* _Brief_: No pictures belong in the result; set down exactly the lines from the one containing "also tried having" through the final line of the listing, and nothing more.

* _Supplied data_:
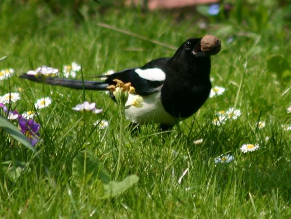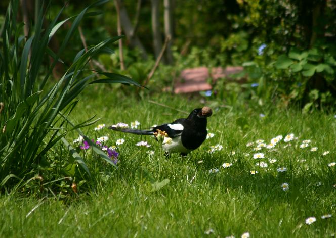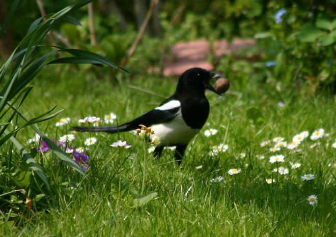 pflanzlich. Aas und Abfälle meidet die Elster nicht. |
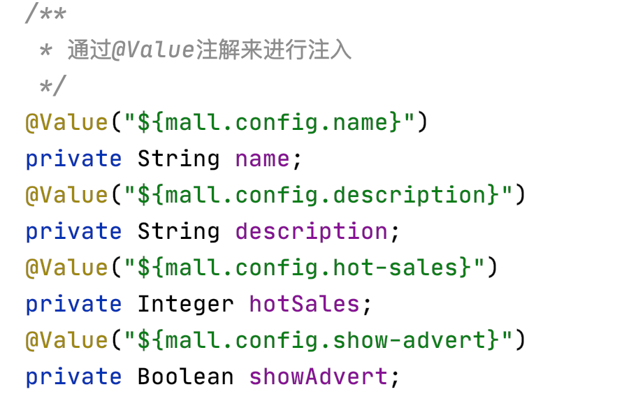 然后在代码中通过使用@Value注解进行注入,在代码中使用变量即可:
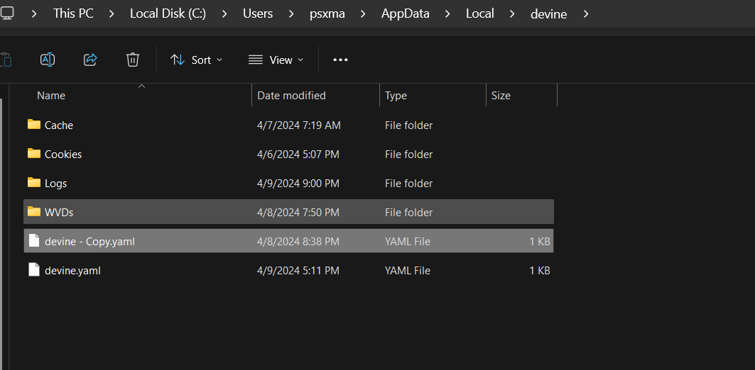 also tried having devine.yaml in C:\Users\xxxx\AppData\Local\devine folder but this makes no difference.
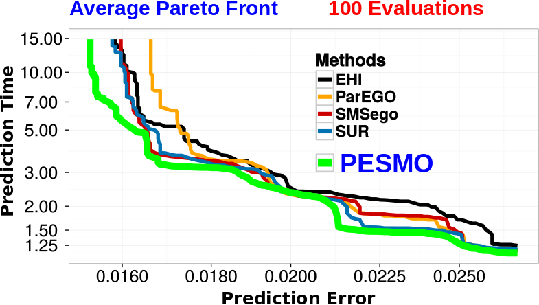 The script extract_recommendations.py stores the values of the design parameters that are estimated to be in the Pareto front in the file pareto_front.txt. We can then evaluate the objectives at the recommended points using the script evaluate_objectives.py and choose the one that best fits our requirements. The following figure shows the average Pareto front obtained with PESMO and with other existing BO methods over 50 repetitions of the optimization process. Overall, PESMO is able to find neural networks with better trade-offs between prediction accuracy and prediction speed than the alternative techniques. By visualizing the Pareto front, as shown in the figure, we can also make better decisions regarding which points from the Pareto front we would like to choose.

* _Result_:
 also tried having devine.yaml in C:\Users\xxxx\AppData\Local\devine folder but this makes no difference.
 The script extract_recommendations.py stores the values of the design parameters that are estimated to be in the Pareto front in the file pareto_front.txt. We can then evaluate the objectives at the recommended points using the script evaluate_objectives.py and choose the one that best fits our requirements. The following figure shows the average Pareto front obtained with PESMO and with other existing BO methods over 50 repetitions of the optimization process. Overall, PESMO is able to find neural networks with better trade-offs between prediction accuracy and prediction speed than the alternative techniques. By visualizing the Pareto front, as shown in the figure, we can also make better decisions regarding which points from the Pareto front we would like to choose.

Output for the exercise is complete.